At promptly six am the ubiquitous school bell echoes over the loudspeaker and throughout the corridors. I dodge past the kindergartners on razor scooters, the head nuns gossiping in the office, and the vice principal giving the daily announcements. I arrive at my classroom just in time for the main prayer, the school song and the Colombian national anthem–right before a red tardy on my record. However, today Orlik wasn’t there. 

At least twice a week, Orlik was nowhere to be found. This was no longer alarming to me or the rest of my classmates in the slightest. Orlik was the teacher of social studies, history, religion, sex-ed, and probably many other subjects I wasn’t aware of; understandably, she was a very busy lady. Unlike “American” high school, you’re very much left to fend for yourself in Colombia. There is little to no supervision, other than the occasional sightings of a teacher actually teaching a class. By now my classmates and I didn’t skip a beat when our “profe” didn’t arrive. Instead, we got straight to business (literally). 

With an unexpected class period to spare, our classroom quickly turns into a tienda. Isabella #1 starts selling unripe mango with salt, chilies, and lime for the price of 1500 COP per bag (the equivalent of 50 cents). Isabella #2 starts selling sparkly phone cases that she deals with her thirty-year-old boyfriend. Sofia starts selling brownies; one time, Sofia brought weed brownies to school and got the teachers high, so I learned to stay away from those. Isabella #3 starts selling hand and head massages; I got lice three times from Isabella #3 and #2 playing with my hair, so I learned to avoid that too. When Orlik was away, the class hustlers came out to play. 

Since Orlik teaches essentially all of our classes, the next class period with a new teacher rolls around at 11 am. Jimena, the biology teacher, made her appearance only twice the entire three months I was at Colombian school. Jimena is the headteacher of the “Once Girls” – the infamous seniors of the school who had pretty much all say in everything that goes on at Santa Maria Del Rosario for the entirety of the school year. They hold a lot of power, and as the teacher of them, Jimena was busy – too busy to actually teach our class. At this point, it would be abnormal for Jimena to show up. 

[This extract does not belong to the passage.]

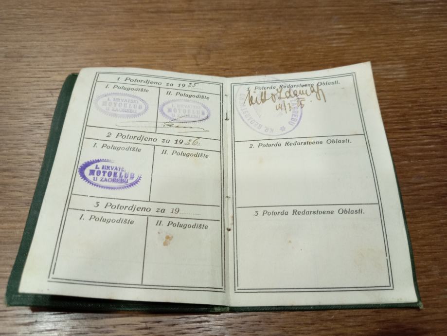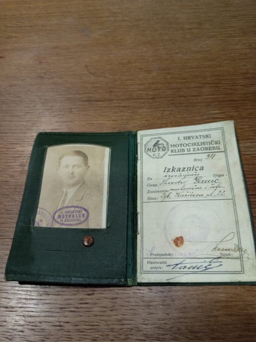 Antikna iskaznica 1. Hrvatskog moto - kluba, u Zagrebu iz 1925. godine, br. iskaznice 34. Kompletna i uredno očuvana.
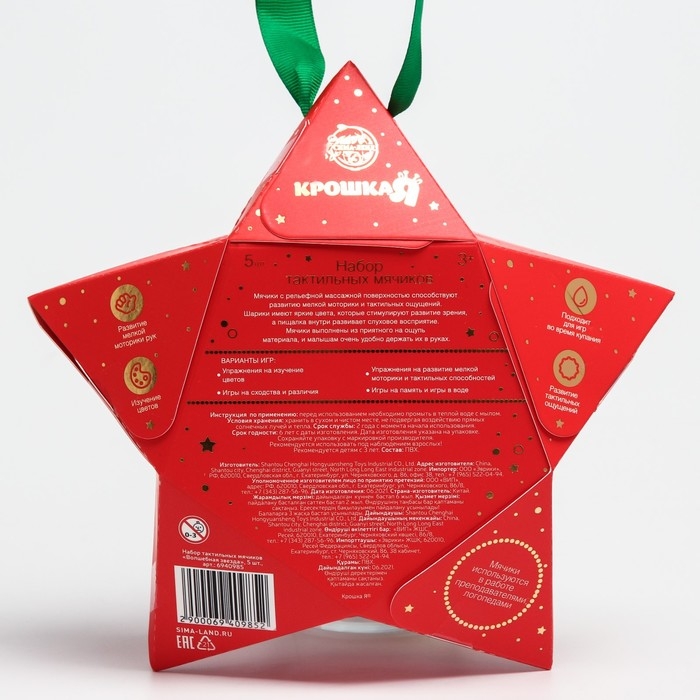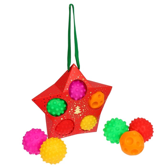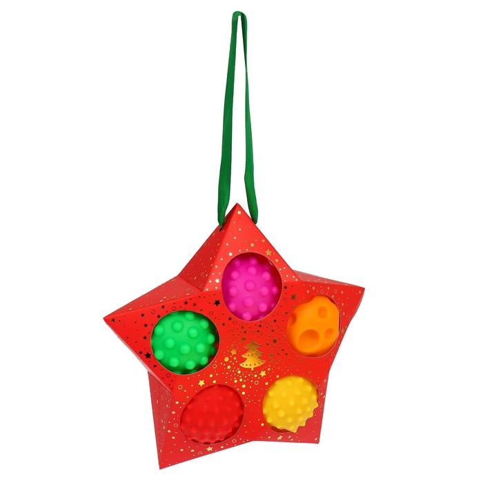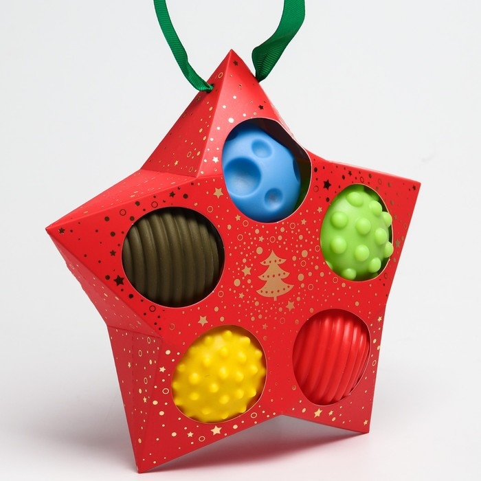 Подарочный набор развивающих, тактильных мячиков Крошка Я «Волшебная звезда» 5 шт., цвет красный

Instead of learning about mitochondria, my classmates quickly seize the opportunity and host an impromptu twerk session. A few things I’ve learned about twerking and Colombia: apparently, school walls can be fantastic props, Colombian girls have a real talent for twerking, and I am the worst twerker in the world! In the middle of Manuela Garcia choreographing the twerk lesson, Manuela and Isabela #4 get into a catfight. My classmates’ favorite pastime is watching girl-on-girl fights – especially when there is blood drawn and hair pulled. I think this particular catfight started over Manuela never giving Isabella Palacio her 1500 COP for sour, spicy, unripe mango. Nonetheless, my classmates jump into action: screaming, cheering for one girl, and yelling at the other while filming the madness on SnapChat. When the fight dies out, Manuela’s arm is bleeding due to the inch-long acrylics Isabela Palacio is adorning. Manuela got revenge with the chunk of hair she yanked off of Palacio’s head. Just another day at school, just another day at school. 

Since Orlik and Jimena never show up, we go to lunch as the second daily prayer livens the loudspeakers. Our lunch spot is the library, but quiet has no meaning to a bunch of Colombian girls, so we blast Colombian reggaeton songs, gossip about the nun’s and seniors of the school, and Palacio and Manuela, over the previous catfight, talk about their upcoming nose surgeries. The most wholesome moment of the day, and the calmest, is when I get to share my diverse array of foods with my classmates. The rapture of disgust as they try pad thai and hummus for the first time and the looks of delight as they try granola bars and goldfish are some of my most cherished memories…it’s as if, for a second, they are in a moment of confusion, not knowing what to expect – similar to how I feel almost continuously. 

Surprisingly, days like these were standard in this Colombian, all-girls Catholic private school. Even more shocking, I feel like I learned more about Colombia, my classmates, and Spanish from the days where the teacher would never appear and my classmates and I would make the day our own. Some days were boring and filled with history textbooks, solving for x, and memorizing scriptures from the bible, but others were too chaotic and bizarre to put into words. Hopefully, you got a glimpse into the days I miss terribly.